Researchers from Singapore and the United Kingdom are exploring an optical fibre approach to brain-like computing (aka neuromorphic computing) as opposed to approaches featuring a memristor or other devices such as a nanoionic device that I’ve written about previously. A March 10, 2015 news item on Nanowerk describes this new approach,
Computers that function like the human brain could soon become a reality thanks to new research using optical fibres made of speciality glass.
Researchers from the Optoelectronics Research Centre (ORC) at the University of Southampton, UK, and Centre for Disruptive Photonic Technologies (CDPT) at the Nanyang Technological University (NTU), Singapore, have demonstrated how neural networks and synapses in the brain can be reproduced, with optical pulses as information carriers, using special fibres made from glasses that are sensitive to light, known as chalcogenides.
“The project, funded under Singapore’s Agency for Science, Technology and Research (A*STAR) Advanced Optics in Engineering programme, was conducted within The Photonics Institute (TPI), a recently established dual institute between NTU and the ORC.”
A March 10, 2015 University of Southampton press release (also on EurekAlert), which originated the news item, describes the nature of the problem that the scientists are trying address (Note: A link has been removed),
Co-author Professor Dan Hewak from the ORC, says: “Since the dawn of the computer age, scientists have sought ways to mimic the behaviour of the human brain, replacing neurons and our nervous system with electronic switches and memory. Now instead of electrons, light and optical fibres also show promise in achieving a brain-like computer. The cognitive functionality of central neurons underlies the adaptable nature and information processing capability of our brains.”
In the last decade, neuromorphic computing research has advanced software and electronic hardware that mimic brain functions and signal protocols, aimed at improving the efficiency and adaptability of conventional computers.

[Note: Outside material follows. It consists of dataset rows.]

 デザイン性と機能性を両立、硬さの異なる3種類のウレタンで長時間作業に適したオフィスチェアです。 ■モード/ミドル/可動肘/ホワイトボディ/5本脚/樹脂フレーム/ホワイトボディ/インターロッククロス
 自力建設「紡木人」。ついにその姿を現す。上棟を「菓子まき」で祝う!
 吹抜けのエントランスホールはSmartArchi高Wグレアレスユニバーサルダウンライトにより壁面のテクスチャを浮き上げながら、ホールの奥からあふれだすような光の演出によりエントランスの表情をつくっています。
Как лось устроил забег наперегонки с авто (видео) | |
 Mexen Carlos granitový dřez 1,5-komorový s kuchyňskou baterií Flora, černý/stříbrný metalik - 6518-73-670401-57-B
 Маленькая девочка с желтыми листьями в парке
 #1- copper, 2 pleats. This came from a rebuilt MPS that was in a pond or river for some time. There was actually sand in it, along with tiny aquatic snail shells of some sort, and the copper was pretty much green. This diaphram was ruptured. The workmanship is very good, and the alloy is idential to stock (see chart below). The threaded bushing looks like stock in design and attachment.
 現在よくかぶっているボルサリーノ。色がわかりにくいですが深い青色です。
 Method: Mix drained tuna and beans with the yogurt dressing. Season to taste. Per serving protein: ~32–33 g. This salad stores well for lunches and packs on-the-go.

However, compared to our biological systems, today’s computers are more than a million times less efficient. Simulating five seconds of brain activity takes 500 seconds and needs 1.4 MW of power, compared to the small number of calories burned by the human brain.

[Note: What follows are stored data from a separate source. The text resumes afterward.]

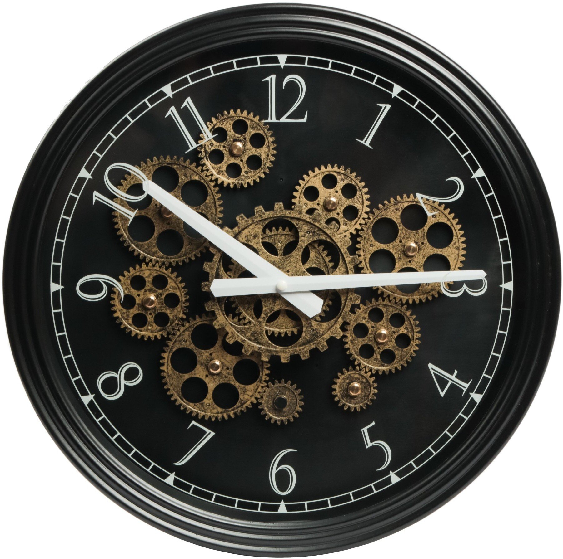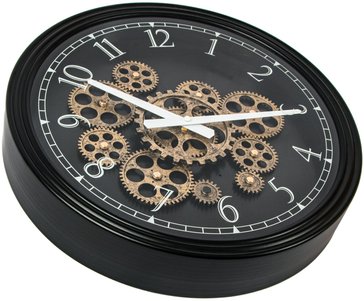 Часы настенные круглые "Шестеренки", с крутящимися шестеренками, цвет: циферблат - черный, шестеренки - золотой, диаметр - 38,5см, материал - металл, стекло, пластик, DMR-CHS-NST-0246
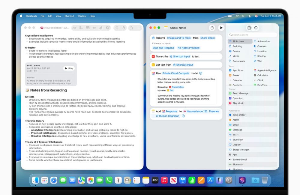 Shortcuts can be a really powerful way of automating tasks on your Mac. With MacOS Tahoe, these get upgraded by Apple Intelligence, letting you set up shortcuts like summarizing text or generating images. You can even tap into ChatGPT (or the on-device Neural Engine) if necessary, setting up chains of actions that could potentially be extremely useful. For example, you might create a Shortcut that compares notes from text in Notes from a lecture to an audio transcription, and then summarize the differences using Apple Intelligence.
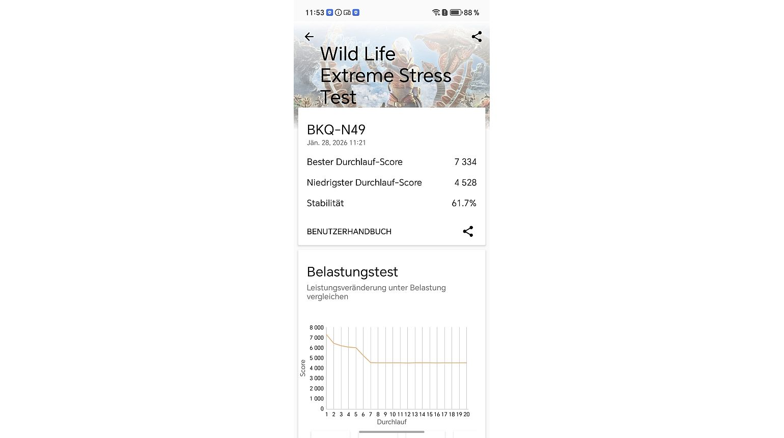 Die aktuellen Preise für Hardware sind derzeit nicht gerade konsumentenfreundlich. Insofern lohnt es sich aber vielleicht, gleich zum besten zu greifen. Diese Überlegung könnte beim Honor Magic8 Pro eine Rolle gespielt haben: Das gute Stück wird vom aktuell schnellsten Android SoC Qualcomm Snapdragon 8 Elite Gen 5 betrieben.Dazu kommen 12 GB Arbeitsspeicher, schneller UFS 4.1 Speicher und Unterstützung für alle WLAN Frequenzen inkl. WiFi 7. Der neue SoC liefert im Smartphone eine sehr gute Figur ab: Auch bei länger laufenden High-Performance Benchmark Test wie 3DMark Wild Life Extreme (Download Android) werden über die Zeit sehr stabile Werte erreicht. Dabei wird das Smartphone auch nicht unangenehm warm oder heiß. Soll heißen: Das Magic8 Pro ist nicht nur gut für den Alltag, sondern ebenso für viele andere Spielereien.

Using conventional fibre drawing techniques, microfibers can be produced from chalcogenide (glasses based on sulphur) that possess a variety of broadband photoinduced effects, which allow the fibres to be switched on and off. This optical switching or light switching light, can be exploited for a variety of next generation computing applications capable of processing vast amounts of data in a much more energy-efficient manner.
Co-author Dr Behrad Gholipour explains: “By going back to biological systems for inspiration and using mass-manufacturable photonic platforms, such as chalcogenide fibres, we can start to improve the speed and efficiency of conventional computing architectures, while introducing adaptability and learning into the next generation of devices.”

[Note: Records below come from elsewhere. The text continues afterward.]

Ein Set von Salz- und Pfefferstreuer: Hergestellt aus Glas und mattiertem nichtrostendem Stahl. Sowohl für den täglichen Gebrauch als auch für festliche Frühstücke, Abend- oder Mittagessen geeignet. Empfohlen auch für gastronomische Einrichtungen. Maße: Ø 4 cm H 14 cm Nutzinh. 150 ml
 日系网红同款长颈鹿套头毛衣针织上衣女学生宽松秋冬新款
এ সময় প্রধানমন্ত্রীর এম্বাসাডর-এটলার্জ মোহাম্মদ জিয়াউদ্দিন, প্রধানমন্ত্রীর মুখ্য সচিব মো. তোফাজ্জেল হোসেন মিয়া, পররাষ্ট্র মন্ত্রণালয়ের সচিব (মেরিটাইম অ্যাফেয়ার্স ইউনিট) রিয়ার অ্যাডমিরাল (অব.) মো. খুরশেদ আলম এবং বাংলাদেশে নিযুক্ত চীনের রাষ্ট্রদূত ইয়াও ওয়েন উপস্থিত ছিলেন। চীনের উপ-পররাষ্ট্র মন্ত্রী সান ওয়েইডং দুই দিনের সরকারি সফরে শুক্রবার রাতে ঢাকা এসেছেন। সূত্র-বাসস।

By exploiting the material properties of the chalcogenides fibres, the team led by Professor Cesare Soci at NTU have demonstrated a range of optical equivalents of brain functions. These include holding a neural resting state and simulating the changes in electrical activity in a nerve cell as it is stimulated. In the proposed optical version of this brain function, the changing properties of the glass act as the varying electrical activity in a nerve cell, and light provides the stimulus to change these properties. This enables switching of a light signal, which is the equivalent to a nerve cell firing.
The research paves the way for scalable brain-like computing systems that enable ‘photonic neurons’ with ultrafast signal transmission speeds, higher bandwidth and lower power consumption than their biological and electronic counterparts.
Professor Cesare Soci said: “This work implies that ‘cognitive’ photonic devices and networks can be effectively used to develop non-Boolean computing and decision-making paradigms that mimic brain functionalities and signal protocols, to overcome bandwidth and power bottlenecks of traditional data processing.”
Here’s a link to and a citation for the paper,
Amorphous Metal-Sulphide Microfibers Enable Photonic Synapses for Brain-Like Computing by Behrad Gholipour, Paul Bastock, Chris Craig, Khouler Khan, Dan Hewak. and Cesare Soci. Advanced Optical Materials DOI: 10.1002/adom.201400472
Article first published online: 15 JAN 2015
© 2015 WILEY-VCH Verlag GmbH & Co. KGaA, Weinheim
This article is behind a paywall.
For anyone interested in memristors and nanoionic devices, here are a few posts (from this blog) to get you started:
Memristors, memcapacitors, and meminductors for faster computers (June 30, 2014)
This second one offers more details and links to previous pieces,
This post is more of a survey including memristors, nanoionic devices, ‘brain jelly, and more,
Brain-on-a-chip 2014 survey/overview (April 7, 2014)
One comment, this brain-on-a-chip is not to be confused with ‘organs-on-a-chip’ projects which are attempting to simulate human organs (Including the brain) so chemicals and drugs can be tested.